*** Information supplied ***

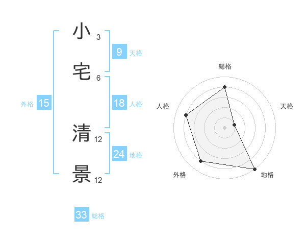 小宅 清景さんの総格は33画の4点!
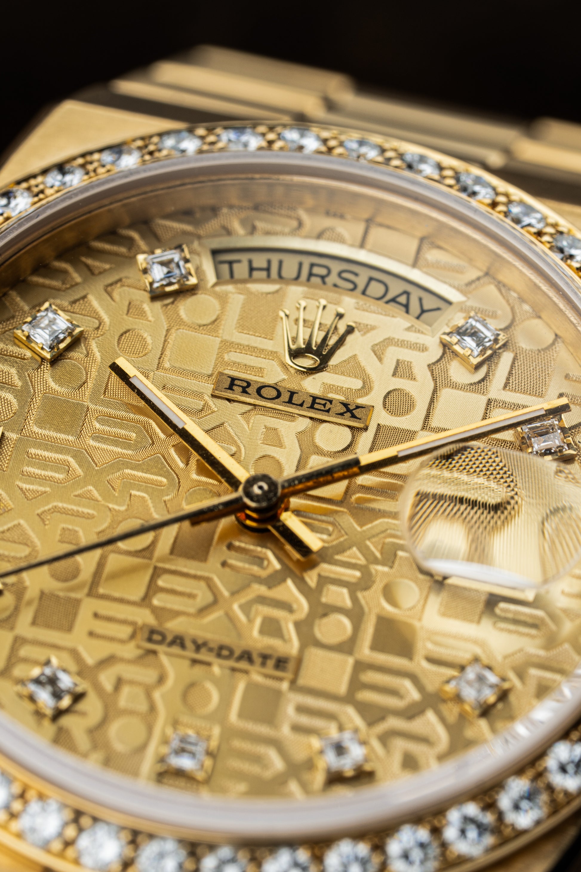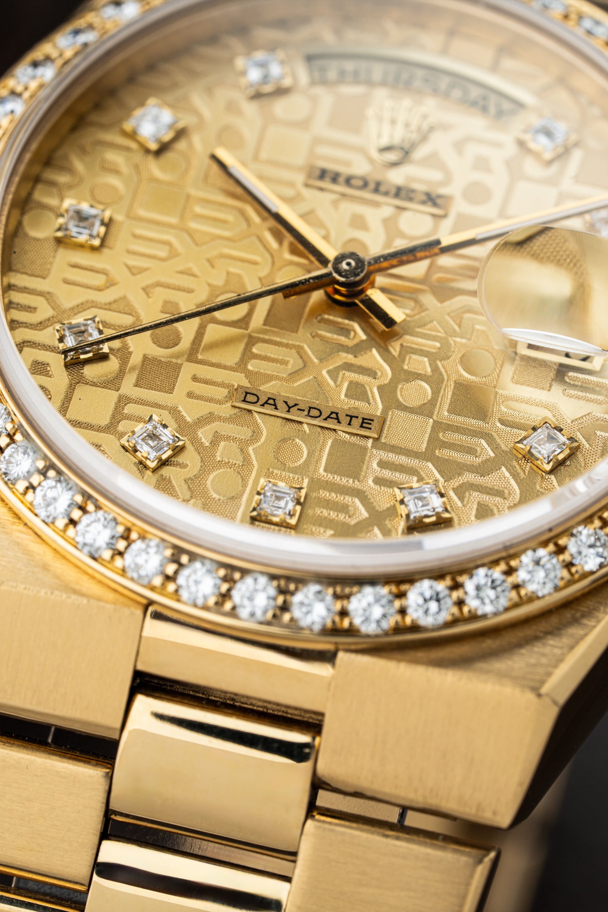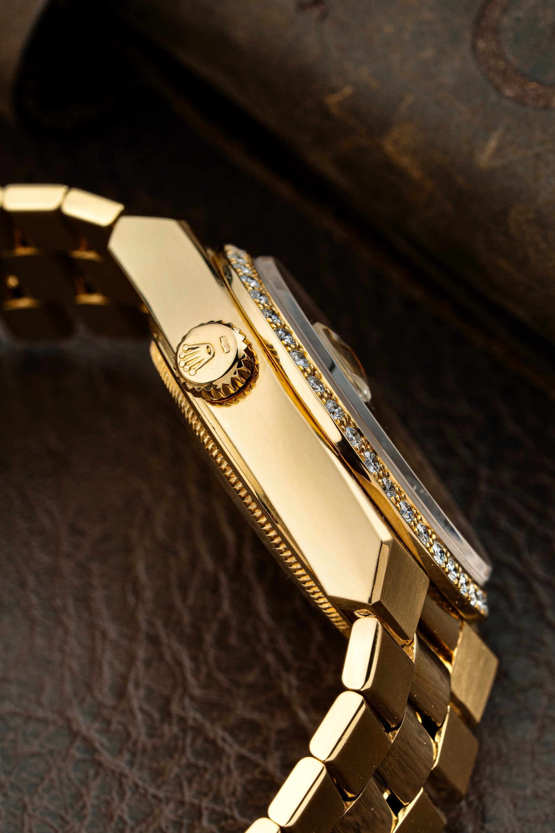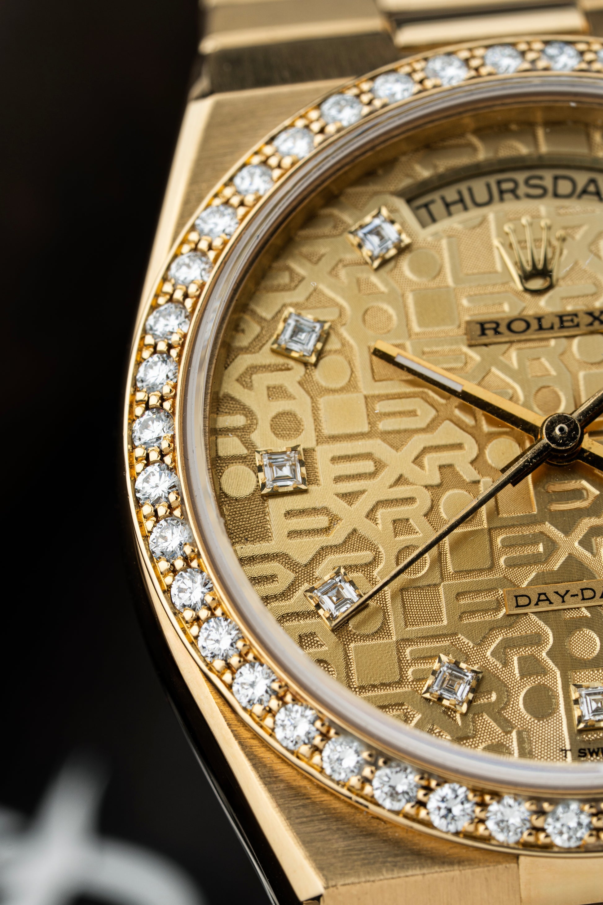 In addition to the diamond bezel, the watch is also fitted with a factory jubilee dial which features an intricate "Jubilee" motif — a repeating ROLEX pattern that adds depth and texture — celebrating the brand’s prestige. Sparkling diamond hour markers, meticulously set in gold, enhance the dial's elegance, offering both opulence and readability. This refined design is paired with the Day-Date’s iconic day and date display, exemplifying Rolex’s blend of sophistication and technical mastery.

*** End of Information supplied ***
*** Information supplied ***

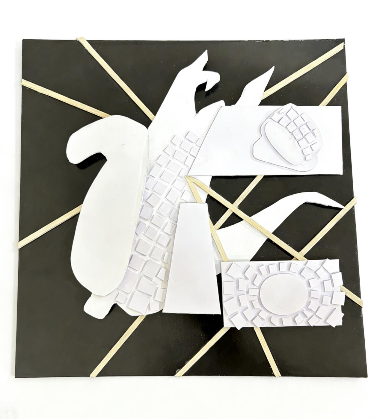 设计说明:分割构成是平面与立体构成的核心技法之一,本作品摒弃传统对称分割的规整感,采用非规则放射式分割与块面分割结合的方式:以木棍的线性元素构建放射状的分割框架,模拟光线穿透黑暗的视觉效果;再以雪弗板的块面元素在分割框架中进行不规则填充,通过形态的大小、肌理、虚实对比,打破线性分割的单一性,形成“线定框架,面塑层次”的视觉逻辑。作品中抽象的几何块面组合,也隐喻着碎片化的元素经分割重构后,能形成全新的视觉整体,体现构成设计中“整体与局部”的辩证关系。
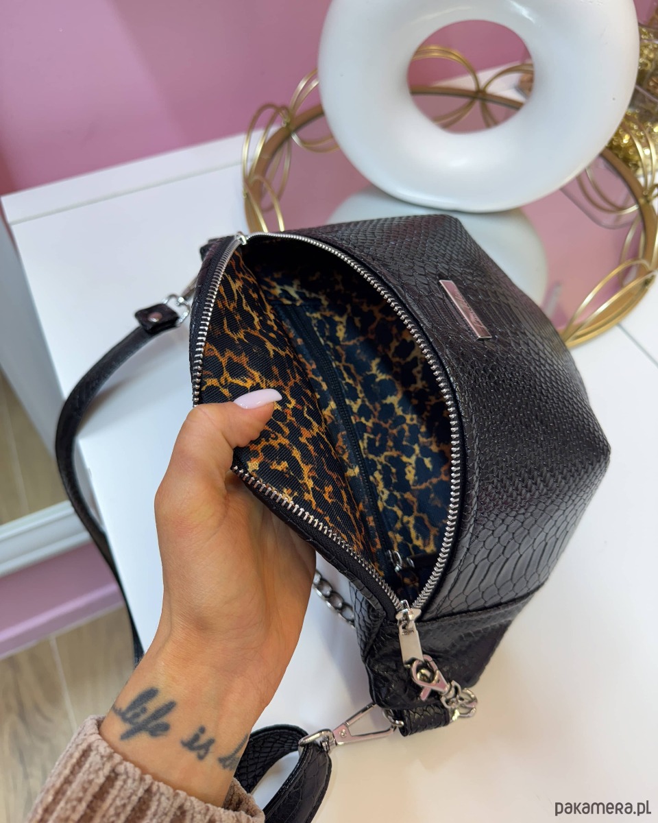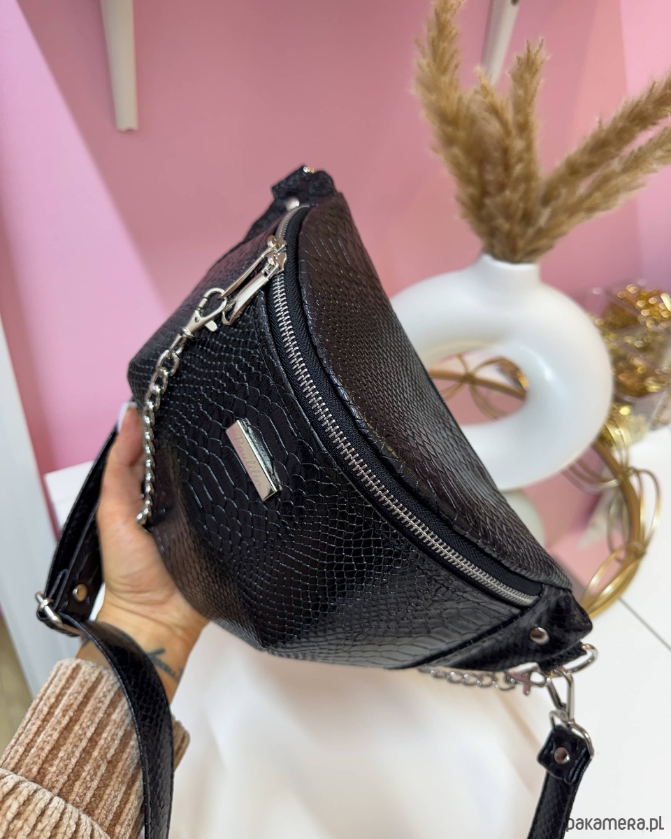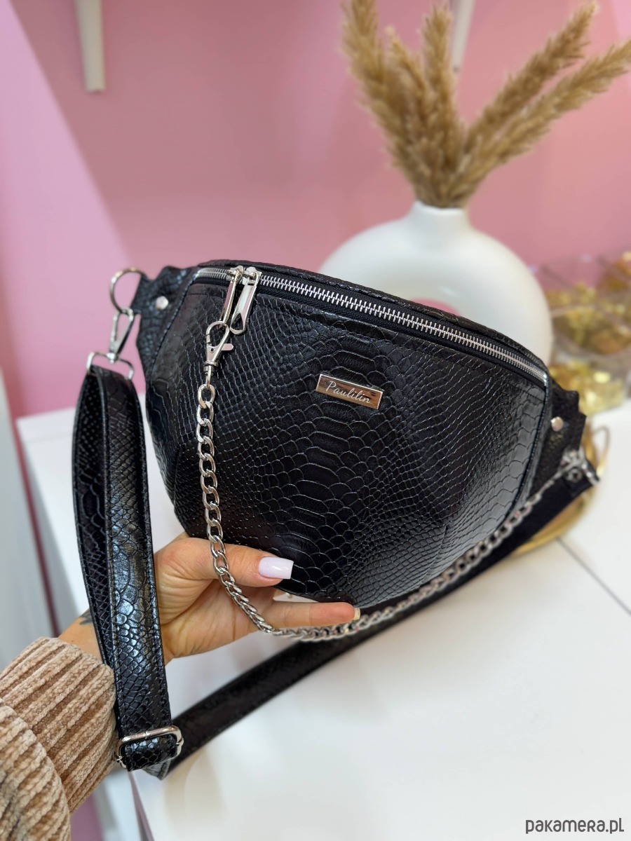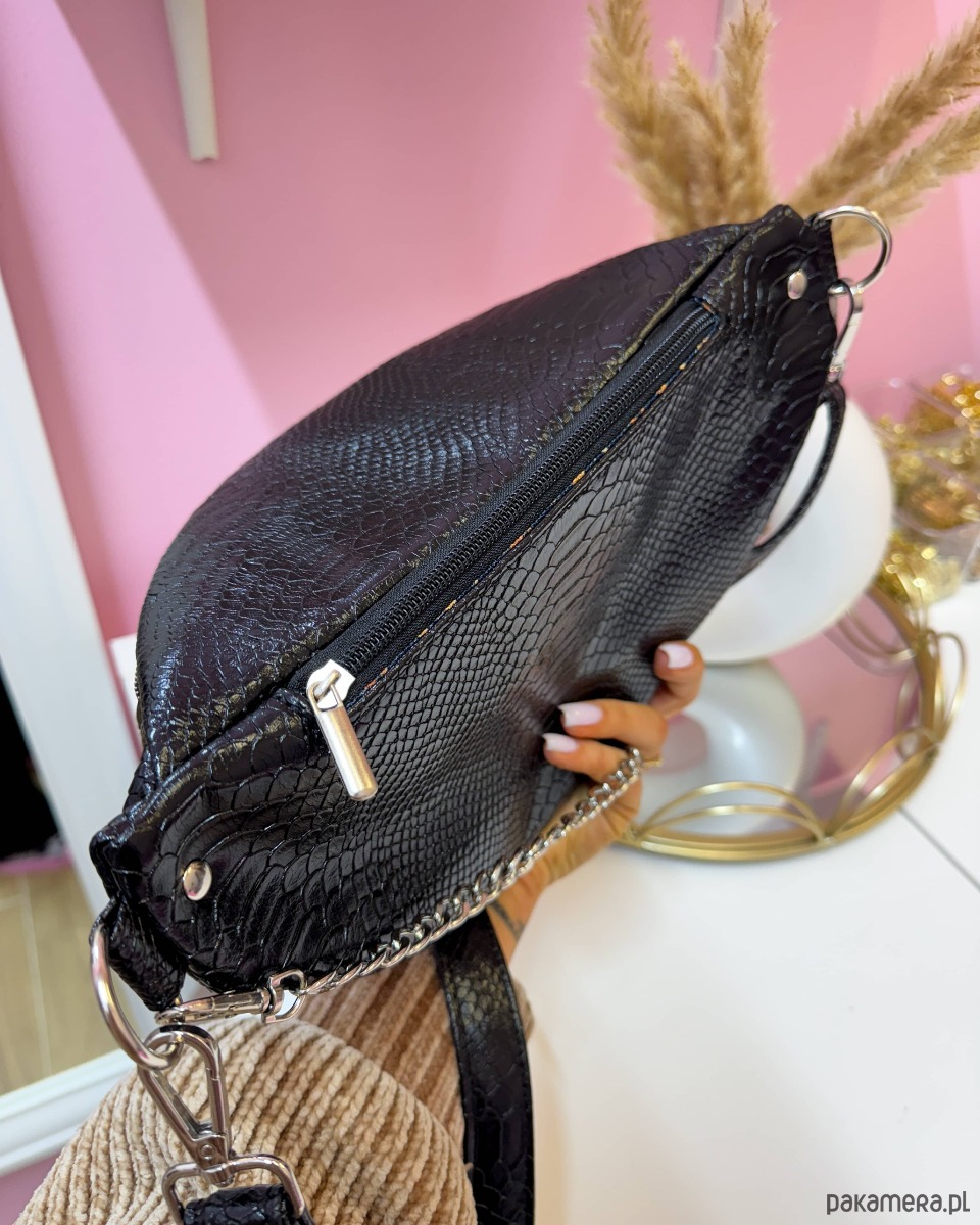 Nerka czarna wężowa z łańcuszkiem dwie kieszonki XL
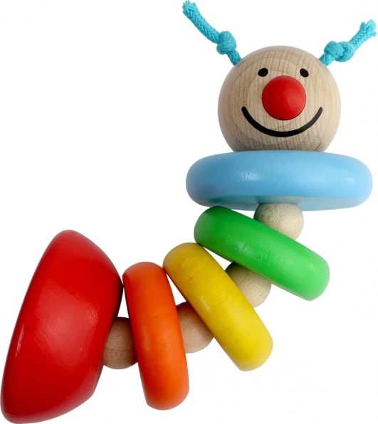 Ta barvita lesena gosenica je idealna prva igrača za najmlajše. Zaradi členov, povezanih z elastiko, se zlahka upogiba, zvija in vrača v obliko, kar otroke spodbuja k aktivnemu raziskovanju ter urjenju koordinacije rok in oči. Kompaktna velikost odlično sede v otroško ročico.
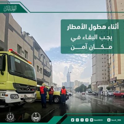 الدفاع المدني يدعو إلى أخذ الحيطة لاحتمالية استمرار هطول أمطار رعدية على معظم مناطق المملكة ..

*** End of Information supplied ***
*** Information supplied ***

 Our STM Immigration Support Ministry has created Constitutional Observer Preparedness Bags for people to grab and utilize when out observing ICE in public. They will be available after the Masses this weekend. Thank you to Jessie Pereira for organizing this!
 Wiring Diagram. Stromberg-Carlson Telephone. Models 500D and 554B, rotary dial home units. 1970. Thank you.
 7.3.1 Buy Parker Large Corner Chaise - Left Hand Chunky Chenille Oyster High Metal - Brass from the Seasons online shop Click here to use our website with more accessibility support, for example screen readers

*** End of Information supplied ***

What are the lines above from the one with "设计说明:分割构成是平面与立" to the one with "الدفاع المدني يدعو", both included? Reproduce them exactly, without pictures.

* **Task output**:
 设计说明:分割构成是平面与立体构成的核心技法之一,本作品摒弃传统对称分割的规整感,采用非规则放射式分割与块面分割结合的方式:以木棍的线性元素构建放射状的分割框架,模拟光线穿透黑暗的视觉效果;再以雪弗板的块面元素在分割框架中进行不规则填充,通过形态的大小、肌理、虚实对比,打破线性分割的单一性,形成“线定框架,面塑层次”的视觉逻辑。作品中抽象的几何块面组合,也隐喻着碎片化的元素经分割重构后,能形成全新的视觉整体,体现构成设计中“整体与局部”的辩证关系。
 Nerka czarna wężowa z łańcuszkiem dwie kieszonki XL
 Ta barvita lesena gosenica je idealna prva igrača za najmlajše. Zaradi členov, povezanih z elastiko, se zlahka upogiba, zvija in vrača v obliko, kar otroke spodbuja k aktivnemu raziskovanju ter urjenju koordinacije rok in oči. Kompaktna velikost odlično sede v otroško ročico.
 الدفاع المدني يدعو إلى أخذ الحيطة لاحتمالية استمرار هطول أمطار رعدية على معظم مناطق المملكة ..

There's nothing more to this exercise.